First, the TWiT panel glossed over the fact that the National Portraits Gallery is located in London, and the legal notice they issued is based on a reading of English copyright law, not U.S. law. This is significant because U.K. law is not bound by the same copyright principles as we recognize here in the U.S., even though based on similar principles and underpinnings.
Second, the panel seemed to confuse the claims on a tangential discussion of photographing of public domain art and its legal effects in public places. In reality, the legal notice claims that Mr. Coetzee accessed these images from the National Portraits Gallery’s website, downloaded them, and then uploaded them to Wikipedia without authorization. The notice does not mention that Mr. Coetzee actually took any photographs himself.
In 1999, the Southern District of New York (S.D.N.Y.) opined on this exact issue in Bridgeman Art Library v. Corel Corp., 36 F. Supp.2d 191. In Bridgeman, an English company which sells reproductions of public domain art sued a Canadian defendant for copyright infringement based on, inter alia, unauthorized reproduction of their images.
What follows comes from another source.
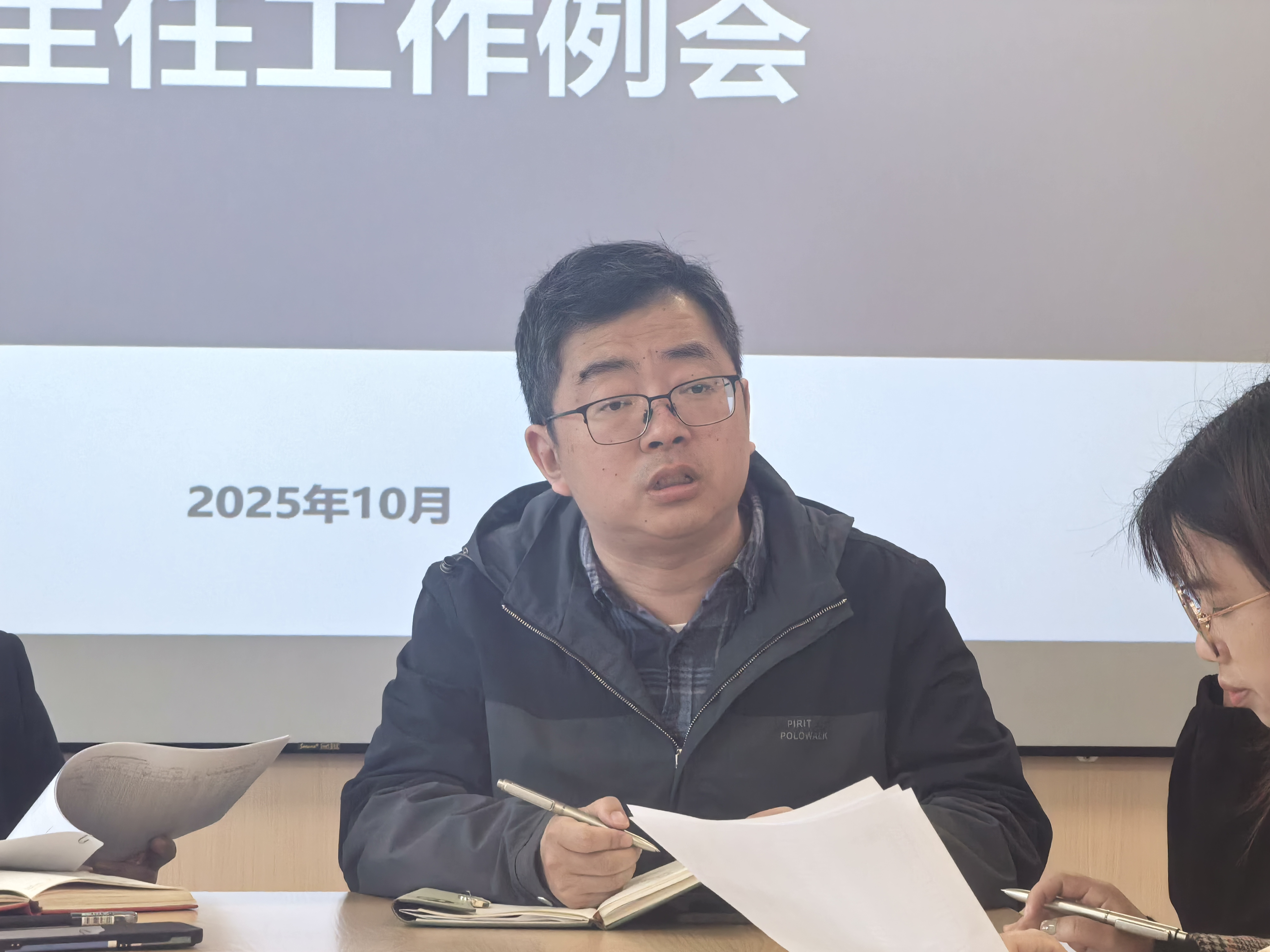 施丽君老师详细介绍了学生大学四年的教学工作安排,希望班主任提前引导学生做好学业规划,并就近期教学安排与25级创新实验班选拔工作进行说明。

After a multitude of complicated procedural maneuverings, the S.D.N.Y. held for the defendant, and declared the images were not protectable under the U.K. copyright law (The Copyright, Designs, and Patents Act 1998).
U.S. laws are limited by the principle of extraterritoriality– meaning, U.S. laws generally have no force outside the boundaries of U.S. soil. The Bridgeman court decided that U.K. law applied to the claims of infringement under the Berne Convention. The reasoning behind this focused on the fact that U.K. law bore the “most significant relationship” to the property and the parties in the dispute. The court noted that the images were first affixed in the U.K. and first published in the U.K. The fact that a U.S. court is deciding a case based on U.K copyright law probably seems confusing. In reality, this is a common, albeit complicated, international intellectual property principle that is regularly applied in these scenarios under international IP treaties the U.S. is a party to (e.g., The Berne Convention, and Universal Copyright Convention). Note though, not every case is treated identically to this one. The method of determining international choice of law issues is fairly complicated and is done on a case-by-case basis.
Under U.K law, subject matter that qualifies as “original literary, dramatic, musical or artistic works” is copyrightable. “Originality” hinges on whether a work “originates with an author” and “is not copied from another work.” Similarly, under U.S. law, copyright attaches to original expression fixed in a tangible medium. A work that is within the public domain is not protectable under copyright law. The argument the defendant, Corel, successfully presented was that since the subject matter of the images is not protectable, any reproduction of the subject matter does not qualify as “original,” and therefore does not merit copyright protection under U.K law.
So, that’s a pretty good answer from a U.S. court on the issue, but it comes with a huge caveat. Since a U.S. court decided the Bridgeman matter, a U.K. court is not actually bound by the decision in terms of precedential value. This brings us back to the concept of legal territoriality: U.S. courts simply have no power over U.K. courts. Although the argument looks fairly persuasive under the U.S. holding, a U.K. court does not have to follow this particular interpretation of U.K. law.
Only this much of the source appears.